Шрифт:
Интервал:
Закладка:
Спрашиваю сейчас себя: наложило ли какой-то след все происшедшее тогда, тем летом, в Саратове на мое общее восприятие жизни если угодно, на психологию пятнадцати-шестнадцатилетнего подростка? И да, и нет! Самое главное, с отчимом все в конце концов получилось так, как оно должно было быть. Он — мерило ясности и честности для меня с первых детских лет — таким мерилом и остался, и люди, которые с ним имели дело, убедились в этом, то есть что-то самое главное оказалось правильным. И в трудные для нас месяцы почти все люди, с которыми мы сталкивались и имели дело, отнеслись к нам хорошо — и это все тоже оказалось правильным, таким, каким мы и могли ожидать. Рассказ отчима о допросах, кончившихся для него благополучно, потому что он был человеком очень сильным, цельным, оставил в душе осадок какого-то неблагополучия, ощущения, что с другим человеком в этих обстоятельствах могло выйти по-другому, другой человек мог не выдержать того, что выдержал он. Эта тревожная нота осталась в памяти, наверное, отчетливей и существенней, чем тот некрасивый поступок начальства, который отчим коротко назвал «свинским поведением».

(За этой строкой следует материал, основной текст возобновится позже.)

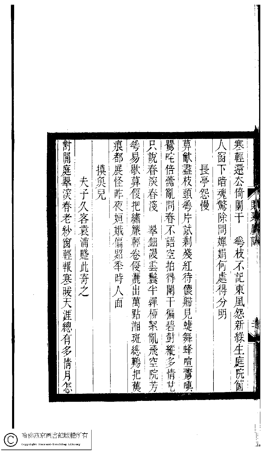 | (PRINT FRIENDLY VERSION) 小檀欒室彙刻閨秀詞﹕十集一百種一百卷(清徐乃昌輯) : 貯素樓詞﹕一卷。清光緒二十二年(1896)南陵徐氏刻本。 ![]() Page : 貯素樓詞.21a | click for larger image | 小檀欒室彙刻閨秀詞﹕十集一百種一百卷(清徐乃昌輯) : 貯素樓詞﹕一卷。清光緒二十二年(1896)南陵徐氏刻本。![]() Page : 貯素樓詞.20b | click for larger image | Back |
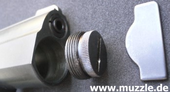 Auch der Magazinschacht der Schreckschusswaffe ist für die Aufnahme der Schachtabdeckung nicht geeignet,

А кроме всего другого, пришло еще ощущение некоторого, может быть, неосознанного возмужания, я оказался на что-то способным в критических обстоятельствах, хотя бы на то переселение, которое я совершил отчасти на собственном горбу. Отчим не хвалил меня за это, вообще не любил хвалить меня, но я, хотя он по-прежнему был недоволен тем, что я учусь и собираюсь продолжать учиться в ФЗУ, почувствовал, что он стал спокойнее относиться к этому. Видимо, после того, как я провел с матерью четыре месяца без него, отчим признал мое право на самостоятельность решений, и это смягчило его недовольство моим выбором жизненного пути, хотя недовольство все равно осталось, еще долго оставалось. В общем, происшедшее немножко поглубже ткнуло меня носом в жизнь, и это было жестокое, но благо, если говорить о духовном развитии начинающего жизнь человека.
Таким же жестоким благом были для меня месяц или полтора, которые я два года спустя провел в больнице в Москве на Собачьей площадке, в больнице, превращенной в изолятор для больных брюшняком. Брюшняк этот — так запомнилось мне с тех времен — был занесен в Москву как одно из последствий голода 33-го года на Украине. В Москву тянулись спасавшиеся от голода люди, приезжали, скапливались на вокзалах — это было одной из причин эпидемии брюшняка, — так я об этом слышал тогда в больнице.
Я лежал в палате для тяжелых, пятеро из нас умерли, трое выжили. В первые дни один из потом умерших рассказывал об этом голоде в полубреду, рассказывал горячечно, но понятно. Он был из подобранных на вокзале. Конечно, и в Саратове я жил не в безвоздушном пространстве, в городе не было и того, и другого, и третьего, к карточкам была уже привычка нескольких лет. Еда в той заводской столовой, где мы обедали, учась в ФЗУ, была странно запомнившейся: в тот год, когда не было многого другого, хорошо уродилась на Нижней Волге соя, которую там вдруг стали культивировать, и мы ели каждый день эту сою — и в виде супов, и в виде котлет, и в виде киселей. Но с прямым рассказом о том, что такое голод, с прямым видением его последствий я столкнулся лишь тогда, в 33-м году, в больнице, жизнь сунула меня носом в это только там. И это запомнилось и тоже было какою-то жестокою частицей возмужания.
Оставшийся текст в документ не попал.